To find the number of missing observations per row we can use the following snippet.

In [19]:
df_miss.rdd.map(
             lambda row: (row['id'], sum([c == None for c in row]))).collect()

To see what values are missing, we count missing observations in columns we can decide to drop the observation altogether or impute some of the observations.

In [21]:
df_miss.where('id == 3').show()

Here is what we get:
![](https://www.safaribooksonline.com/library/view/learning-pyspark/9781786463708/graphics/B05793_04_08.jpg)

Let's now check what percentage of missing observations are there in each column:

In [24]:
df_miss.agg(*[
    (1 - (fn.count(c) / fn.count('*'))).alias(c + '_missing')
    for c in df_miss.columns
  ]).show()

This is what we get
![](https://www.safaribooksonline.com/library/view/learning-pyspark/9781786463708/graphics/B05793_04_09.jpg)

**Note:**

The ```*``` argument to the ```.count(...)``` method (in place of a column name) instructs the method to count all rows. On the other hand, the ```*``` preceding the list declaration instructs the ```.agg(...)``` method to treat the list as a set of separate parameters passed to the function.

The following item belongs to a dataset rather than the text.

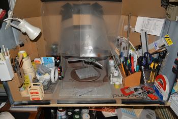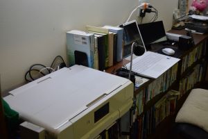 手前から、A3プリンタ、辞書類、

So, we have 14% of missing observations in the weight and gender columns, twice as much in the height column, and almost 72% of missing observations in the income column. Now we know what to do.First, we will drop the 'income' feature, as most of its values are missing.

In [26]:
df_miss_no_income = df_miss.select([
    c for c in df_miss.columns if c != 'income'
  ])
df_miss_no_income.show()

if you decide to drop the observations instead, you can use the ```.dropna(...)``` method, as shown here. Here, we will also use the thresh parameter, which allows us to specify a threshold on the number of missing observations per row that would qualify the row to be dropped. This is useful if you have a dataset with tens or hundreds of features and you only want to drop those rows that exceed a certain threshold of missing values:

In [28]:
df_miss_no_income.dropna(thresh=3).show()

Here is the output
![](https://www.safaribooksonline.com/library/view/learning-pyspark/9781786463708/graphics/B05793_04_10.jpg)

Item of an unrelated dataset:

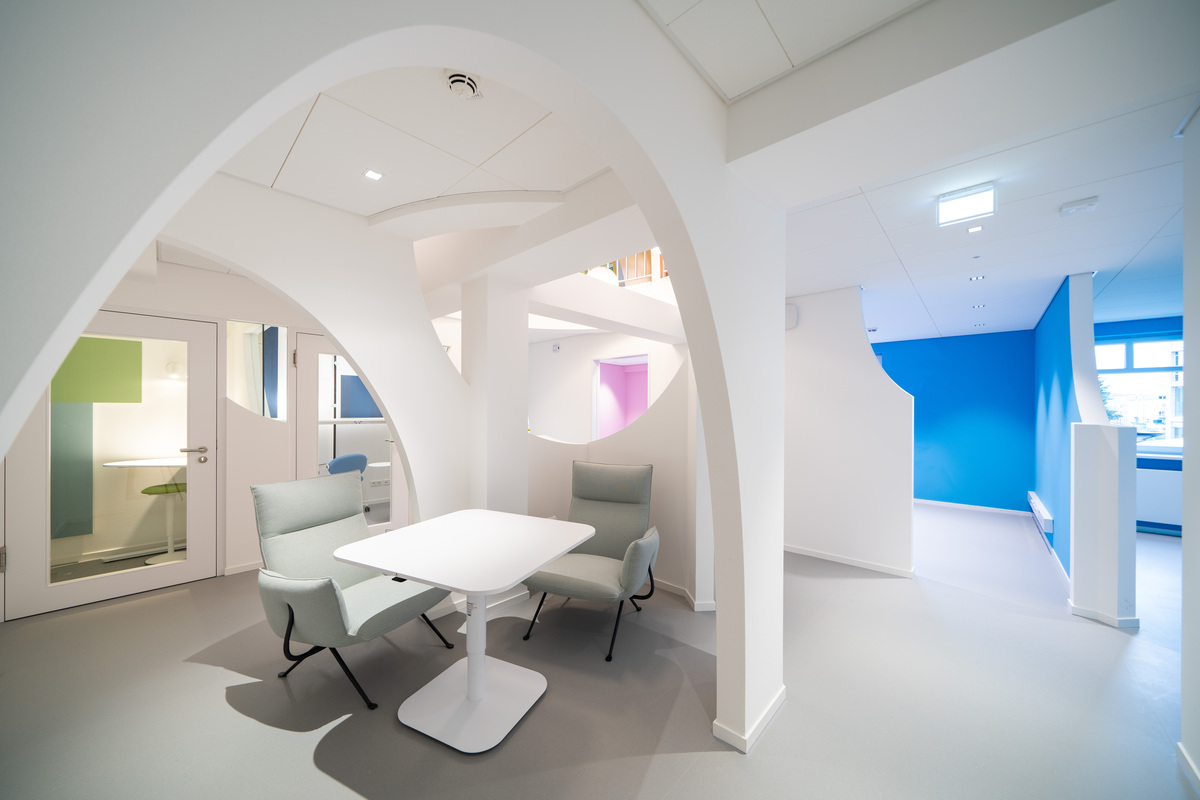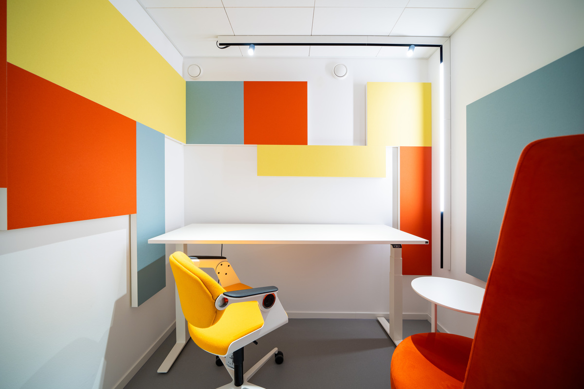 From the outset, acoustic planning was integral alongside colour and material choices. Ecophon Akusto™ One wall absorbers were used to reduce flutter echoes and add visual interest. These panels reflect the colour scheme and harmonise with the interior design, delivering both acoustic comfort and aesthetic coherence.

On the other hand, if you wanted to impute the observations, you can use the .fillna(...) method. This method accepts a single integer (long is also accepted), float, or string; all missing values in the whole dataset will then be filled in with that value. You can also pass a dictionary of a form ```{'<colName>': <value_to_impute>}```. This has the same limitation, in that, as the ```<value_to_impute>```, you can only pass an integer, float, or string.

If you want to impute a mean, median, or other calculated value, you need to first calculate the value, create a dictionary with such values, and then pass it to the .fillna(...) method.

In [30]:
means = df_miss_no_income.agg(
          *[fn.mean(c).alias(c)
           for c in df_miss_no_income.columns if c != 'gender']
          ).toPandas().to_dict('records')[0]

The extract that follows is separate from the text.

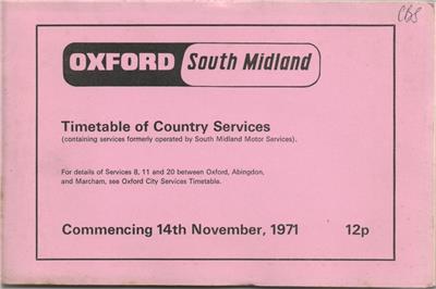 OXFORD SOUTH MIDLAND BUS TIMETABLE BOOK COUNTRY SERVICES NOV 1971

means['gender'] = 'missing'

df_miss_no_income.fillna(means).show()

![](https://www.safaribooksonline.com/library/view/learning-pyspark/9781786463708/graphics/B05793_04_11.jpg)

**Note that** calling the .toPandas() can be problematic, as the method works essentially in the same way as .collect() in RDDs. It collects all the information from the workers and brings it over to the driver. It is unlikely to be a problem with the preceding dataset, unless you have thousands upon thousands of features.